Your objective:
Only the lines from the beginning of the data through the line holding "第一次收到快递的时候床头的脚" belong in the answer, printed exactly and without pictures.

Record extracts:
___
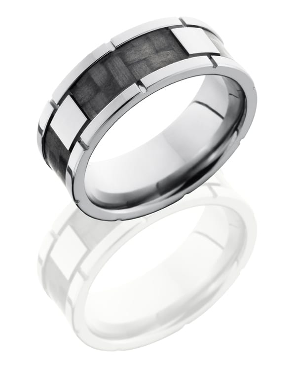 Titanium 8mm Flat Band with 4 segments of Carbon Fiber
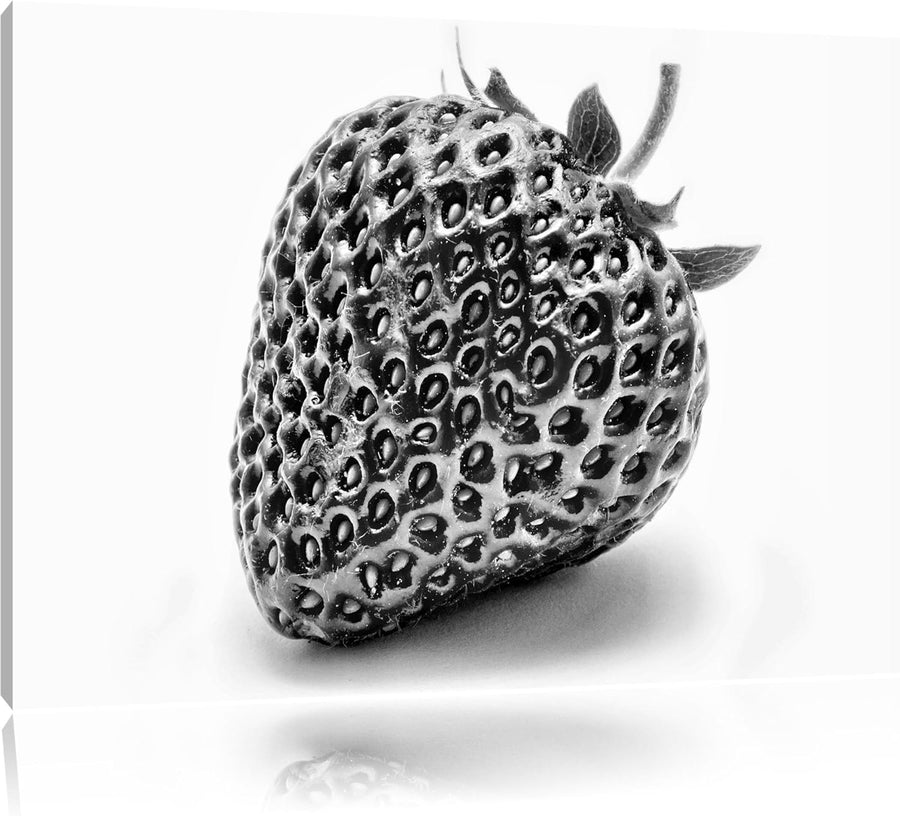 Pixxprint Erdbeere mit Zucker schwarz/weiss, Format: 70x70 auf Leinwand, 70x70
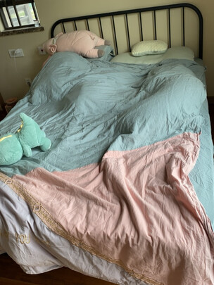 第一次收到快递的时候床头的脚歪了,卖家第二天就补发了一件,睡起来还可以不会吱嘎吱嘎的响。床垫推荐买硬一点厚一点的,不然会明显感觉到床板的空隙。
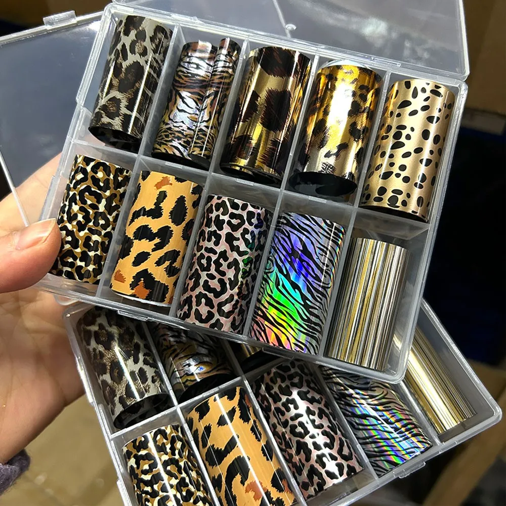 1Box 10Rolls 50*4CM Leopard Print Nail Transfer Foils Cheetah Print Nail Sticker Starry Animal Print Winter Manicure Accessories
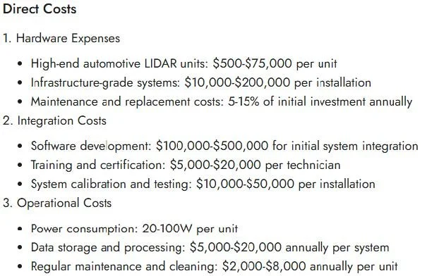 V2I (Vehicle-to-Infrastructure): Uses roadside units (RSUs) costing approximately $36,500 to $52,000 per kilometer. V2V (Vehicle-to-Vehicle): Components cost around $350 per vehicle (as of 2020), with prices expected to decrease as the technology advances.
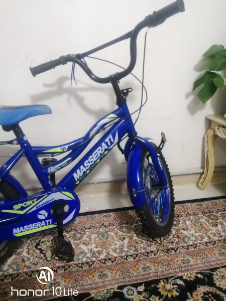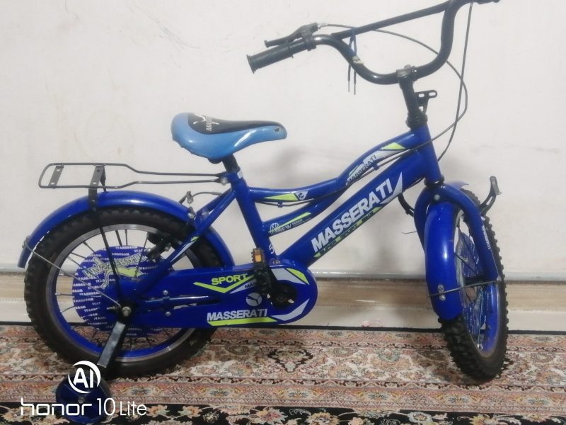 یک عدد دوچرخه سایز 16 نو رنگ آبی با کمکی
___
Exercise output:
 Titanium 8mm Flat Band with 4 segments of Carbon Fiber
 Pixxprint Erdbeere mit Zucker schwarz/weiss, Format: 70x70 auf Leinwand, 70x70
 第一次收到快递的时候床头的脚歪了,卖家第二天就补发了一件,睡起来还可以不会吱嘎吱嘎的响。床垫推荐买硬一点厚一点的,不然会明显感觉到床板的空隙。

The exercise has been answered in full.